What I have thought about doing is getting the switch panel and then wiring the buttons to the buttons on gate/garage remotes. Could be done as battery only or wired in as there is power up there. Maybe worth a go?

Not looked for the part for prices yet, if it's cheap enough I might just buy one and have a go.


----------



## Toshiba (Jul 8, 2004)

https://www.kufatec.com/de/alle-produkt ... s-fv-41526

English
https://www.kufatec.com/en/all-products ... s-fv-41526

Cost is relative...


----------



## WL80 (Jul 10, 2018)

phazer said:


> WL80 said:
> 
> 
> > Toshiba said:
> ...


Yeah - that could work. The buttons from the original panel (with 3 buttons) could be isolated with a bit of DIY skills with track isolation and soldering. Used panels can be sourced for min 60€ or so as I checked. 
The way I'll go now is to use the existing RC and have only a hook-up to car's 12V. The remote I have is going heavy on the tiny internal 12V battery and range is bad to almost non-existent in case of colder weather. I attached it before to glass next to the mirror; not obtrusive, but prone to windshield coldness.


----------



## WL80 (Jul 10, 2018)

Toshiba said:


> https://www.kufatec.com/de/alle-produkte/komplett-set-homelink-garagentoroeffnung-fuer-audi-tt-8s-fv-41526
> 
> English
> https://www.kufatec.com/en/all-products ... s-fv-41526
> ...


Now check what you need besides those buttons and control unit... and see if it works with old coding @ 40MHz.


----------



## phazer (Apr 2, 2018)

WL80 said:


> Toshiba said:
> 
> 
> > https://www.kufatec.com/de/alle-produkte/komplett-set-homelink-garagentoroeffnung-fuer-audi-tt-8s-fv-41526
> ...


I do agree that the cost is relative but over 600 quid for a remote isn't what I call value for money.
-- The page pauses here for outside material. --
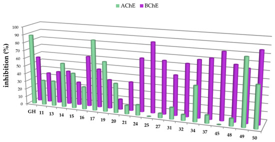 In this study, carboxamides with different triterpenoic backbones (ursolic, oleanolic, maslinic, betulinic, and platanic acids), and various amine residues (Scheme 1), were investigated. All compounds 11–50 (except those being not soluble under the conditions of the assay) were subjected to Ellman’s assays to determine their inhibition rates and constants (Ki for competitive inhibition and Ki′ for uncompetitive inhibition) for the cholinesterases AChE and BChE. Galantamine hydrobromide (GH), one of the gold standard drugs for treating AD symptoms, was used for comparison. In general, pre-screening the 37 triterpenoic acid amides using AChE (electric eel) and BChE (equine serum) identified seventeen compounds as potential inhibitors with inhibition rates equal or even better than GH. The results are summarized in Figure 2 and Figure 3 (details are found in the Supplementary Part, Table S1).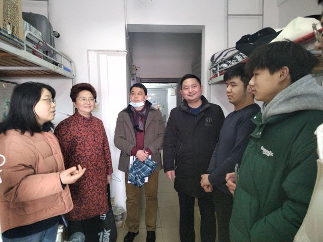 2023年2月12日上午10點(diǎn),新學(xué)期開學(xué)之際,外國語學(xué)院院長葉旭萍、黨委副書記吳孔寶、副院長李潔、學(xué)工辦主任李發(fā)俊、團(tuán)委副書記張正華、輔導(dǎo)員王雨濛一同走訪了學(xué)生宿舍。

The compatibility is weird, my gate opener operates on 866Mhz but it's not listed as supported, it'd probably still work but not worth taking a punt IMO


----------



## jonnieb2018 (Nov 15, 2018)

The switch unit arrived today.

It is quite easy to take apart and I will upload pictures later. You can even pull a bar out holding all the buttons in and slide any button out to replace.
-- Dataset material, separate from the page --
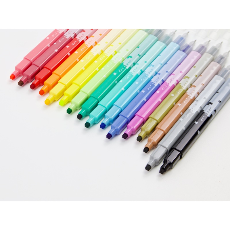 The Dot Pen is a super cool tool for planning and journaling! One end features a fine tip, and the other end features a square dotstamp. You can even use it to create some really cool pixel style art! Available in 16 boldcolors, the Dot Penholds a water-ba

I need to work out the circuitry inside and glad of any help.
It might be that I can isolate the switches circuity and then tap into the butto nand pin connector maybe but there may be an easier way but would need some advice if anyone could assist?

Photos will be uploaded later.


----------



## WL80 (Jul 10, 2018)

Great - show the pictures. If you can freely isolate the switch to make it operate outside the original circuits, the whole task may be simpler and safer.


----------



## jonnieb2018 (Nov 15, 2018)

phazer said:


> WL80 said:
> 
> 
> > Toshiba said:
> ...


Phazer, I have sourced the homelink parts quote cheap off ebay.de- less than 200 euros could this be an option?

I am going to make the loom up myself.

Mine has both 433 and 868HZ. You can get a converter that will make it work (if it doesn't).

see attached compatibility chart from homelink -compare this to your garage door opener/remote

View attachment homelink_ukenglish.pdf


Here are the photos of switch. I need to trace where the in and output are on the button and which is pin 4


----------



## macaddict111 (Jun 13, 2018)

That looks a lot easier than I thought it would be, thanks for the photos.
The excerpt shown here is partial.